Skip pictures in the listing below; copy exactly the lines from the one with "В этот раз я" through the one with "9月24日,路透社发文报道了", inclusive.

═════ Entries provided

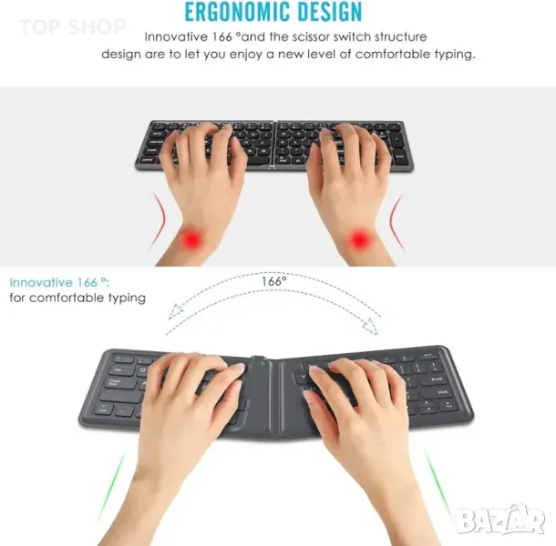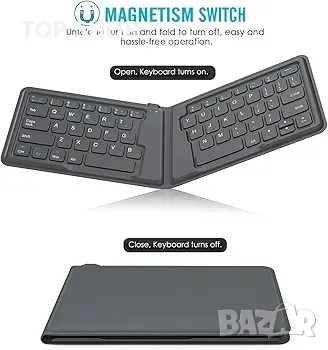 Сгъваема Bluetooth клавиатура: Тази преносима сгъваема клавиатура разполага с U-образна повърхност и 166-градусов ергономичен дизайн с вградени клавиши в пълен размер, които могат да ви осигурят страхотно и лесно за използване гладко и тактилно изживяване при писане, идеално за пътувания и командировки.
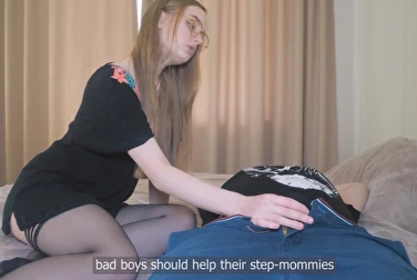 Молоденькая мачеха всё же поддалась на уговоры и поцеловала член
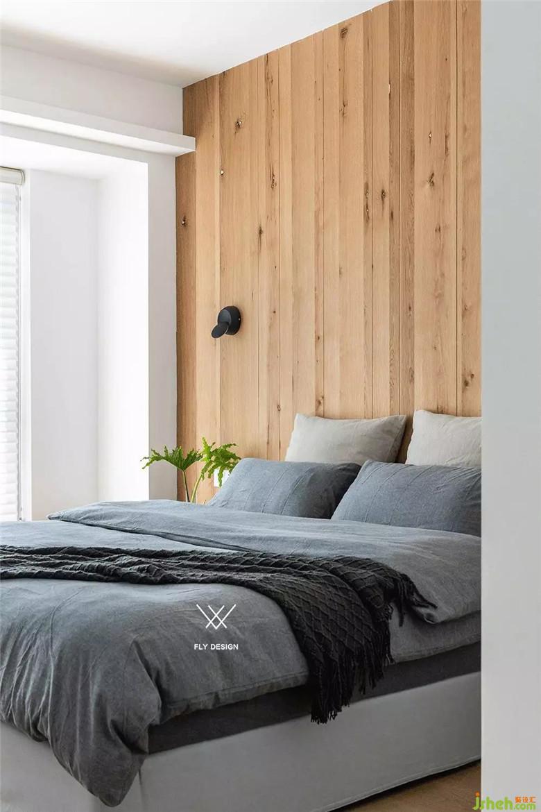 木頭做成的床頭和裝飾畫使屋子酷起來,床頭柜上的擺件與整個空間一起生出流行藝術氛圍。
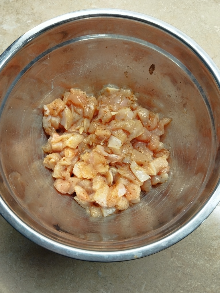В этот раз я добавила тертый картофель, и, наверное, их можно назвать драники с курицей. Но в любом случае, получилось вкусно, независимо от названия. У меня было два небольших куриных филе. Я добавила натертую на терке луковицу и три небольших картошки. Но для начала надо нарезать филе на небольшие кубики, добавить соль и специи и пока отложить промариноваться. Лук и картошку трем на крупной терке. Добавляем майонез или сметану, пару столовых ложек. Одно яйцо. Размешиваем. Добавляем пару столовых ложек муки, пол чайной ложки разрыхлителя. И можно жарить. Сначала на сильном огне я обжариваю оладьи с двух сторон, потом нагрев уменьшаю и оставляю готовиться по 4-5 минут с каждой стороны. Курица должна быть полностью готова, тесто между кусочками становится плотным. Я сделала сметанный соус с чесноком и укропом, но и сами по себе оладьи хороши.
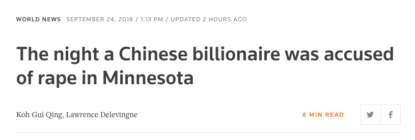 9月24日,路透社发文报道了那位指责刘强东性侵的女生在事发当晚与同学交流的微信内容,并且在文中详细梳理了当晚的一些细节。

══════════
═════ Entries provided

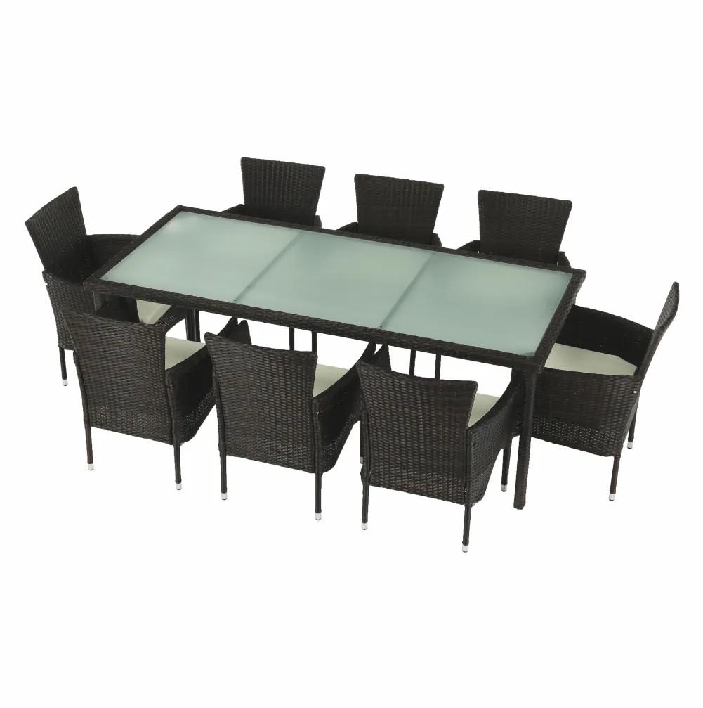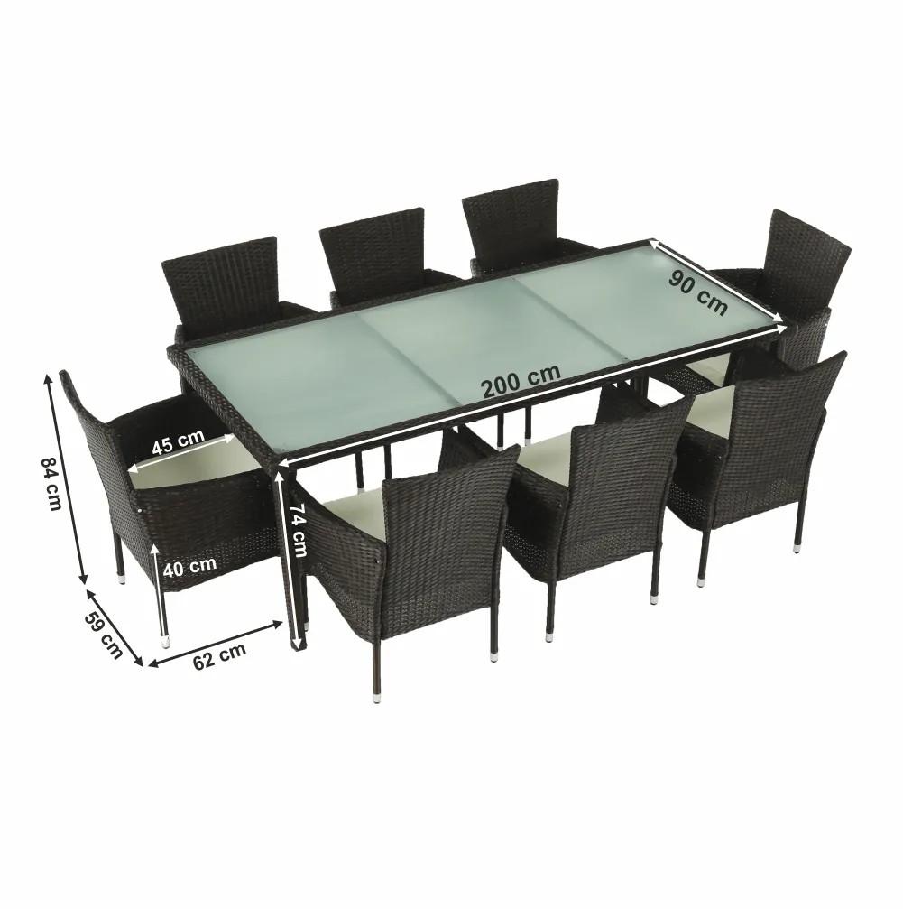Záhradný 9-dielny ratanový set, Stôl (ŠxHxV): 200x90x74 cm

══════════
═════ Entries provided

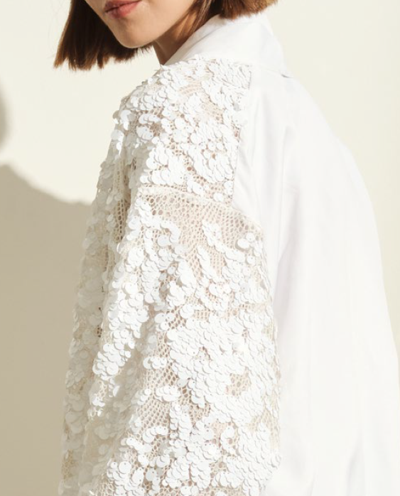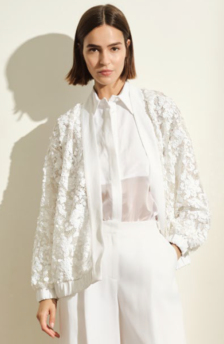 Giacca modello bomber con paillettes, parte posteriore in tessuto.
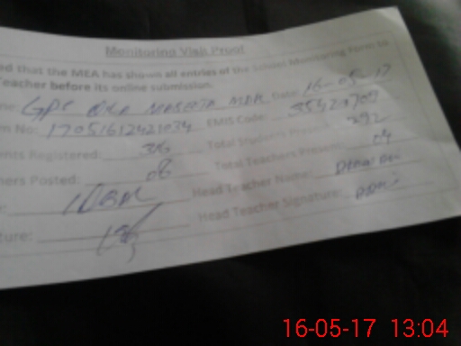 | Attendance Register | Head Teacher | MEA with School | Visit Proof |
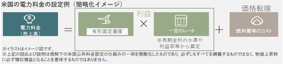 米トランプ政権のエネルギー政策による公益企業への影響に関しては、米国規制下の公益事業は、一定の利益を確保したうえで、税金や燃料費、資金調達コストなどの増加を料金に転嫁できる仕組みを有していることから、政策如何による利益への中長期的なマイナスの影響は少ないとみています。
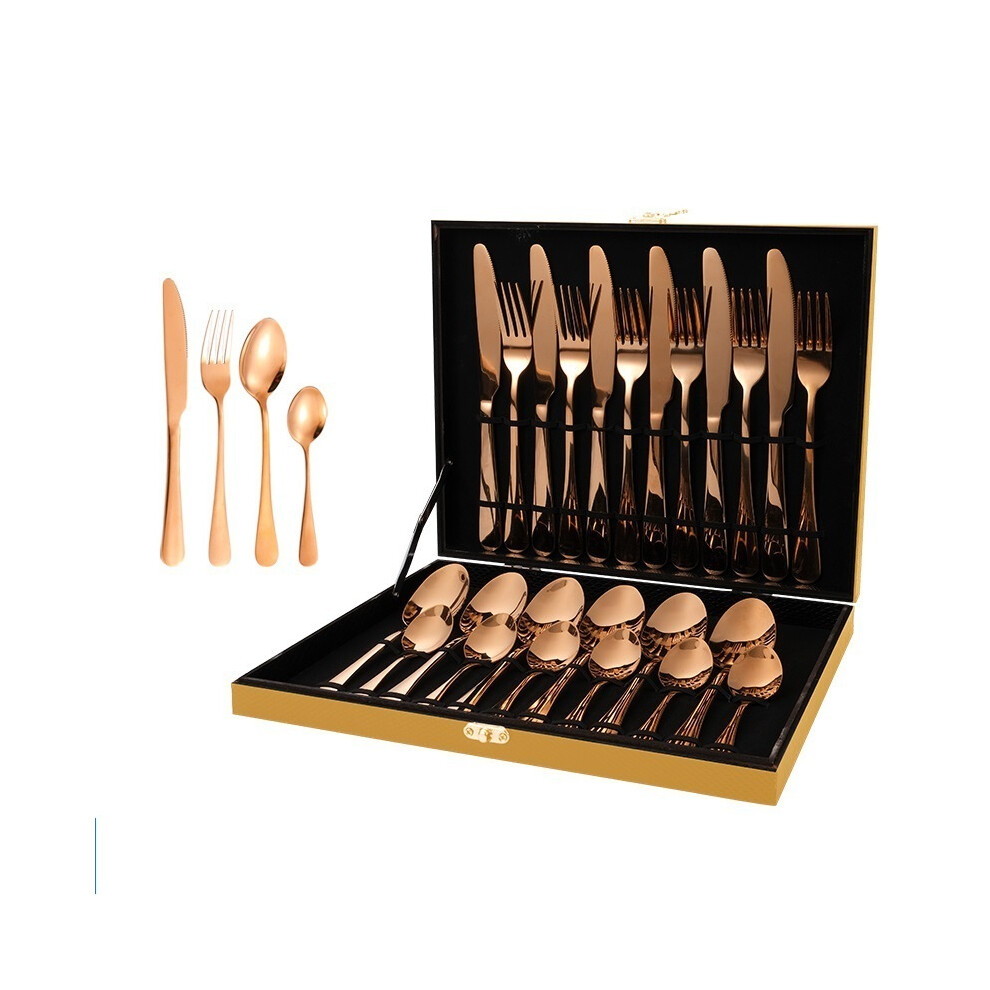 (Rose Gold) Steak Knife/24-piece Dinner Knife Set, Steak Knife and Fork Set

══════════

**Solution below:**
В этот раз я добавила тертый картофель, и, наверное, их можно назвать драники с курицей. Но в любом случае, получилось вкусно, независимо от названия. У меня было два небольших куриных филе. Я добавила натертую на терке луковицу и три небольших картошки. Но для начала надо нарезать филе на небольшие кубики, добавить соль и специи и пока отложить промариноваться. Лук и картошку трем на крупной терке. Добавляем майонез или сметану, пару столовых ложек. Одно яйцо. Размешиваем. Добавляем пару столовых ложек муки, пол чайной ложки разрыхлителя. И можно жарить. Сначала на сильном огне я обжариваю оладьи с двух сторон, потом нагрев уменьшаю и оставляю готовиться по 4-5 минут с каждой стороны. Курица должна быть полностью готова, тесто между кусочками становится плотным. Я сделала сметанный соус с чесноком и укропом, но и сами по себе оладьи хороши.
 9月24日,路透社发文报道了那位指责刘强东性侵的女生在事发当晚与同学交流的微信内容,并且在文中详细梳理了当晚的一些细节。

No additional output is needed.